Antimycin A inhibits complex III (QH₂–cytochrome c reductase)

The inhibition of complex III by antimycin A prevents transfer of electrons from either complex I or FADH₂-containing flavoproteins to cytochrome c. In this case, components preceding complex III become fully reduced, and those after it become oxidized. The oxygen uptake curve (Fig. 9.16) shows that the stimulation of respiration by ADP is inhibited by antimycin A, but that the addition of succinate does not relieve the inhibition. Ascorbic acid can reduce cytochrome c, and addition of ascorbic acid restores respiration, illustrating that complex IV is unaffected by antimycin A.

Cyanide and carbon monoxide inhibit complex IV

Azide , cyanide (CN)⁻; and carbon monoxide (CO) inhibit complex IV (cytochrome c oxidase) (Fig. 9.17). Because complex IV is the terminal electron transfer complex, its inhibition cannot be bypassed. All components preceding complex IV become reduced, oxygen cannot be reduced, none of the complexes can pump protons, and ATP is not synthesized. Uncouplers such as DNP have no effect, because there is no proton gradient. Cyanide and carbon monoxide also bind to hemoglobin, blocking oxygen binding and transport (see Chapter 5). In these poisonings, both the ability to transport oxygen and to synthesize ATP are impaired. The administration of oxygen is used for the treatment of such poisonings. It is of interest that sodium azide is the nitrogen source for the inflation of air bags; it may pose an environmental problem if it is accidentally released, i.e. nonexplosively.

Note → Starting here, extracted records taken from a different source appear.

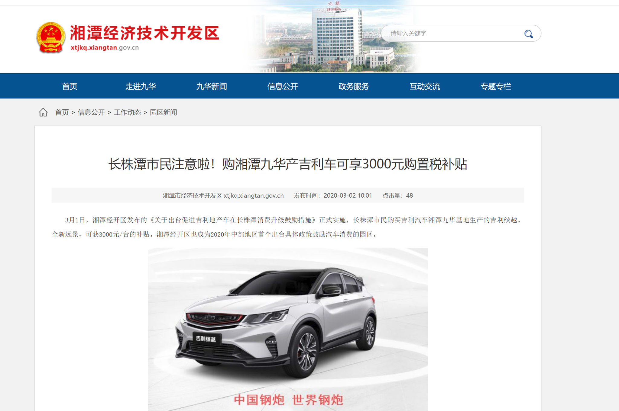 3月2日,湘潭经济技术开发区官网发布的《关于出台促进吉利地产车在长株潭消费升级鼓励措施》文件显示,长沙、株州、湘潭市民购买吉利汽车湘潭九华基地生产的吉利缤越、全新远景,可获3000元/辆的补贴,该政策自3月1日起正式实施。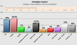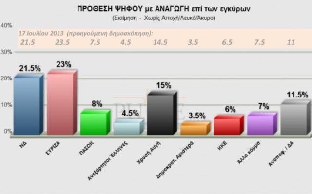 Νέα άνοδο εμφανίζει η Χρυσή Αυγή εμφανίζει νέα άνοδο και φτάνει στο 13,5% (15% με την αναγωγή).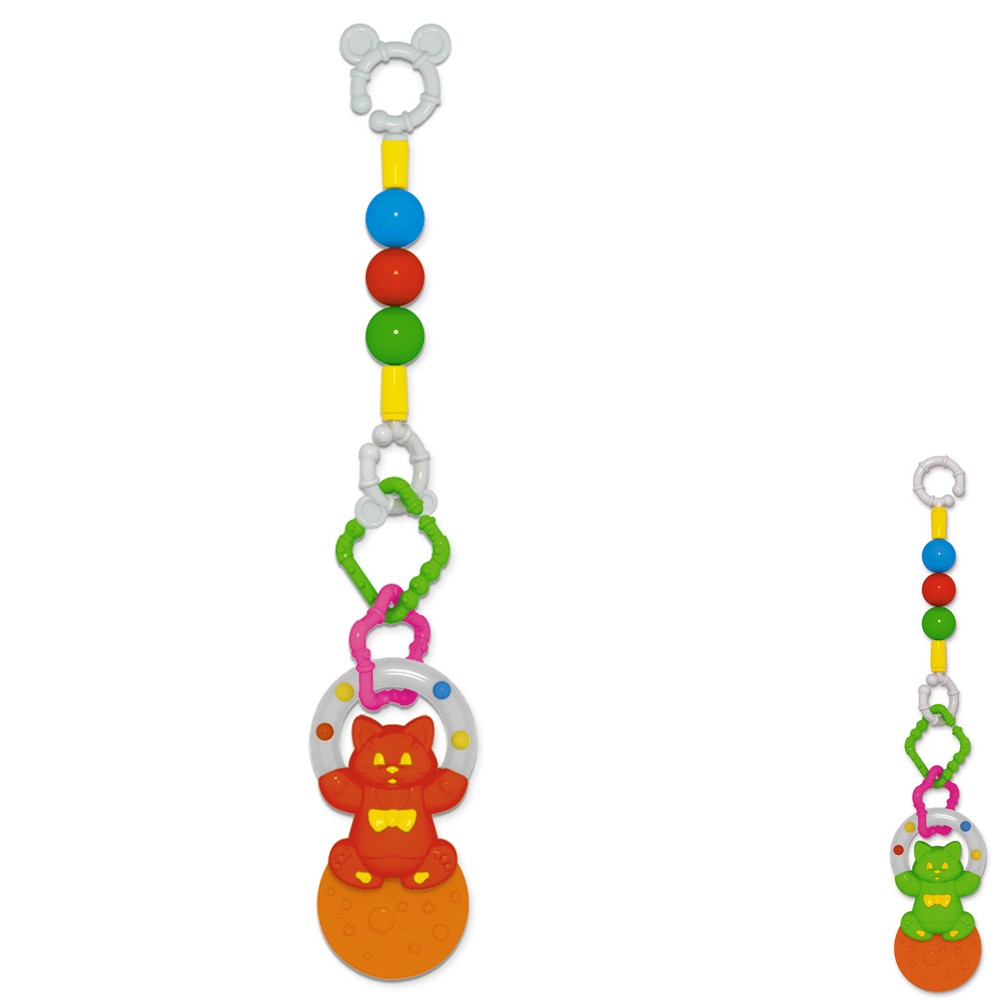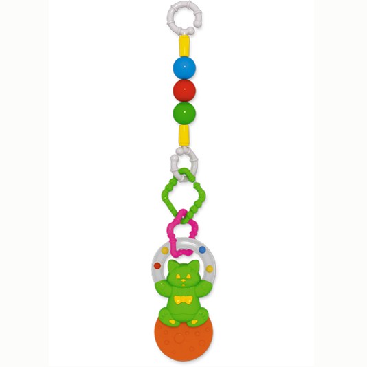 Красочная подвеска с яркими элементами и фигуркой котика - это замечательный подарок для малыша. Погремушку можно прикрепить на коляску или кроватку - для этого предусмотрены специальное крепление. Игрушка разбирается, что будет интересно малышам постарше. Также она издает звук от находящихся внутри элементов.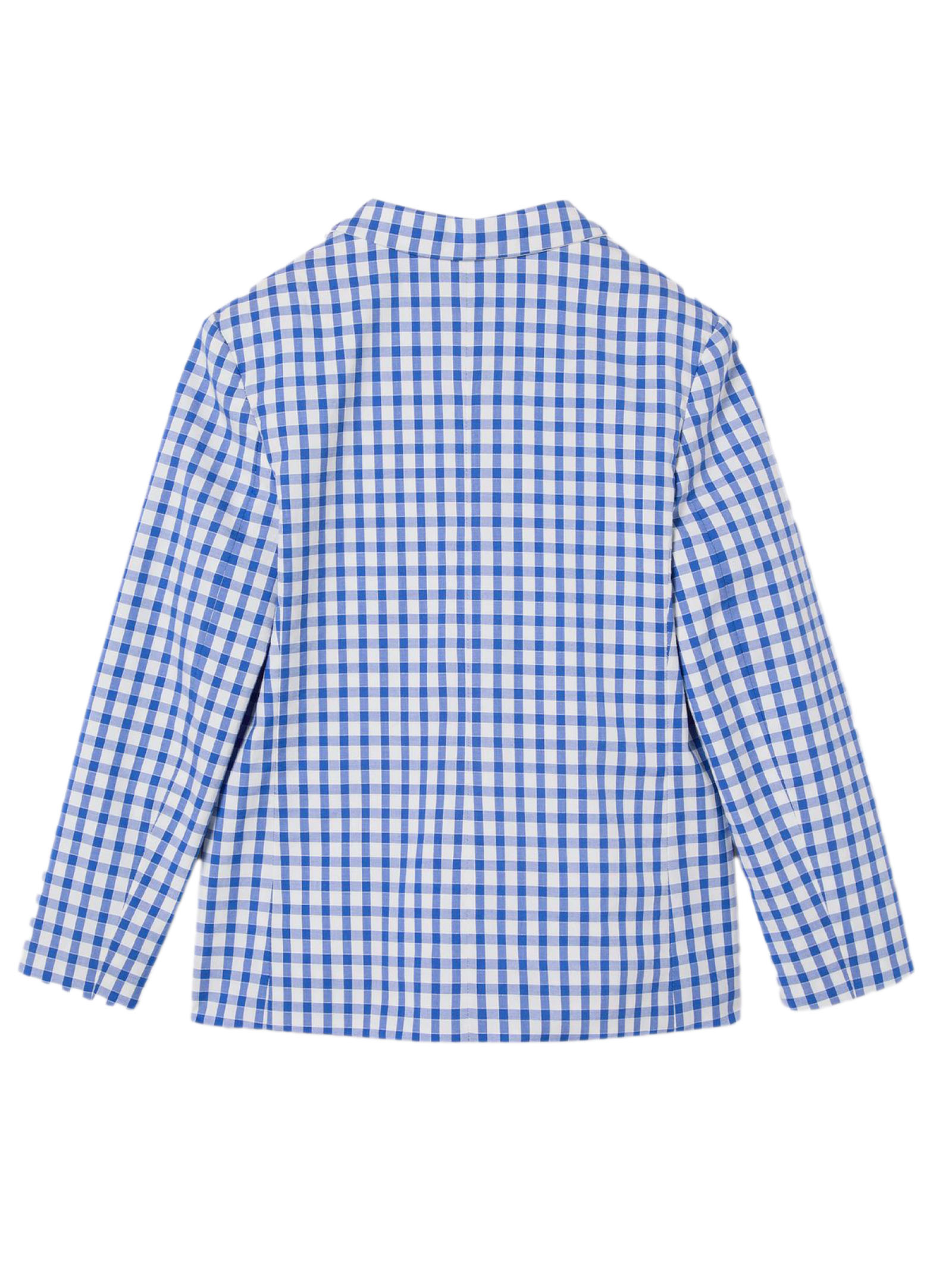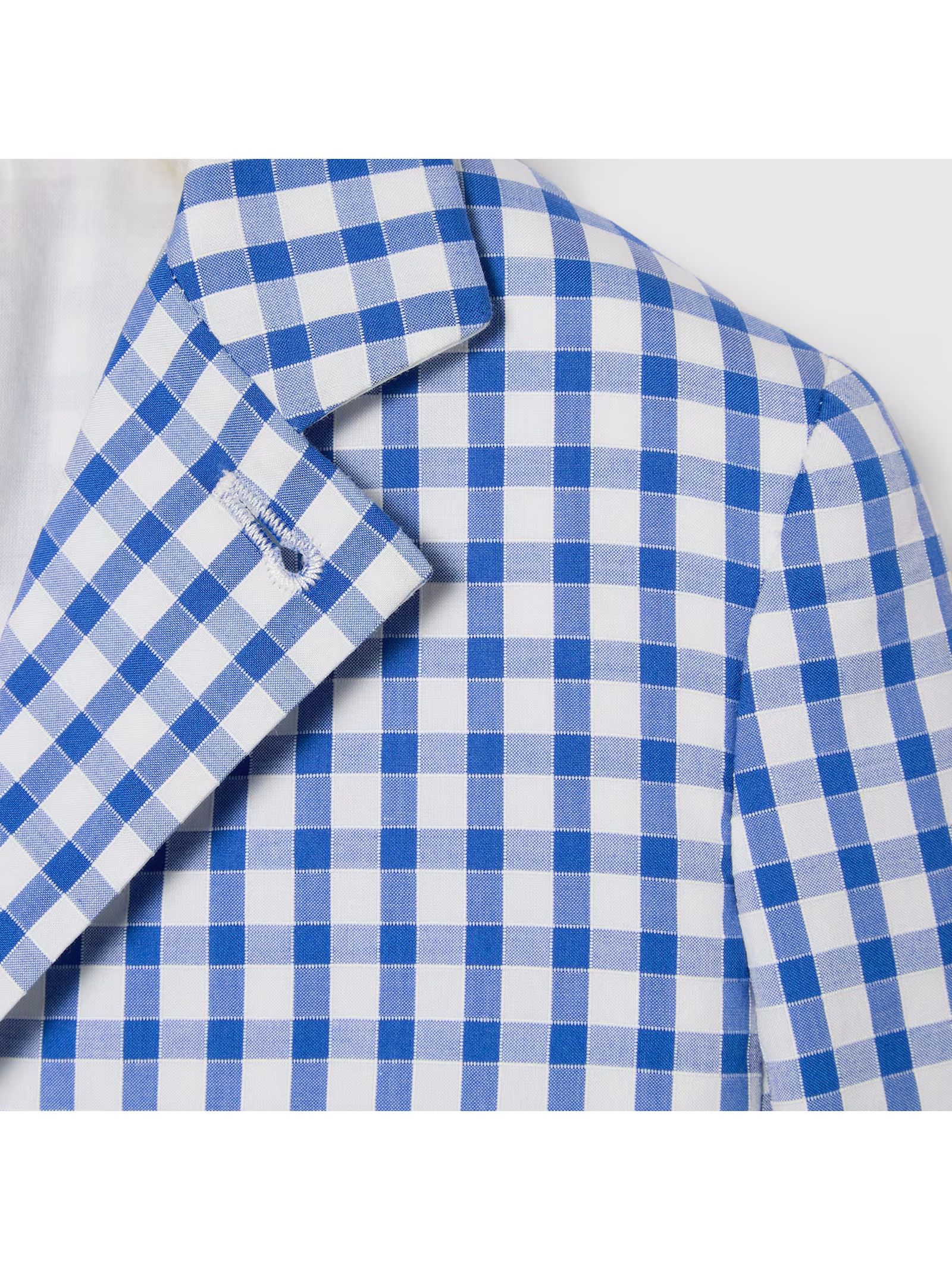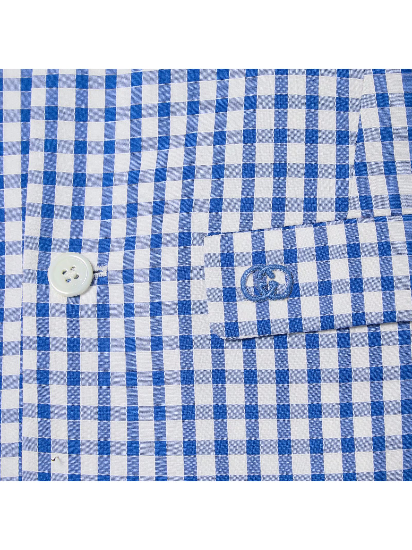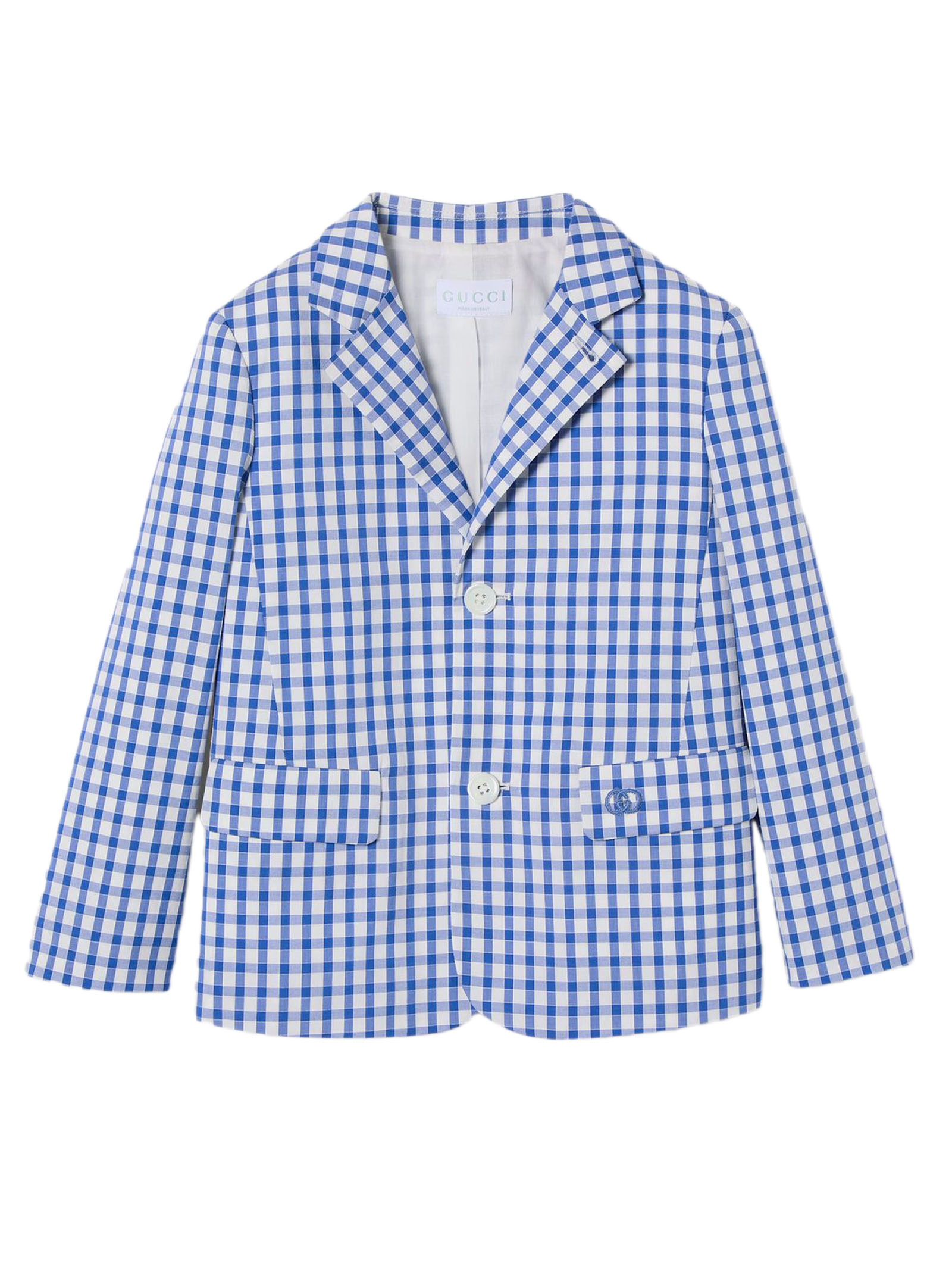 Giacca bambino in cotone a quadretti blu, ricamo Incrocio GG, Fodera in cotone, Colletto aperto, Maniche lunghe, Due tasche frontali, Chiusura con bottoni

ADP is the key feedback regulator of oxidative phosphorylation

The oldest and simplest known mechanism of respiratory control is accomplished by the supply of ADP. This is based on the fact that when added to isolated mitochondria, ADP stimulates respiration and ATP synthesis. When ADP is completely converted to ATP, respiration returns to the initial rate. Oxidative phosphorylation is also tightly coupled to other fundamental pathways such as glycolysis, fatty acid oxidation and the tricarboxylic acid cycle (see Chapters 12, 14 and 15) through feedback regulatory mechanisms. The ratios of NADH/NAD and ATP/ADP feedback on key enzymes, such as PFK-1, pyruvate dehydrogenase and isocitrate dehydrogenase. If, for example, oxidative phosphorylation is switched off because of high ATP, both NADH and ATP will negatively feedback on other extramitochondrial pathways, limiting the flux of fuel to mitochondria. Since oxidative phosphorylation depends on the supply of FADH₂, NADH, ADP, and Pi as well as the ATP/ADP ratio, magnitude of the membrane potential, uncoupling and hormonal factors, its modes of regulation are clearly complex.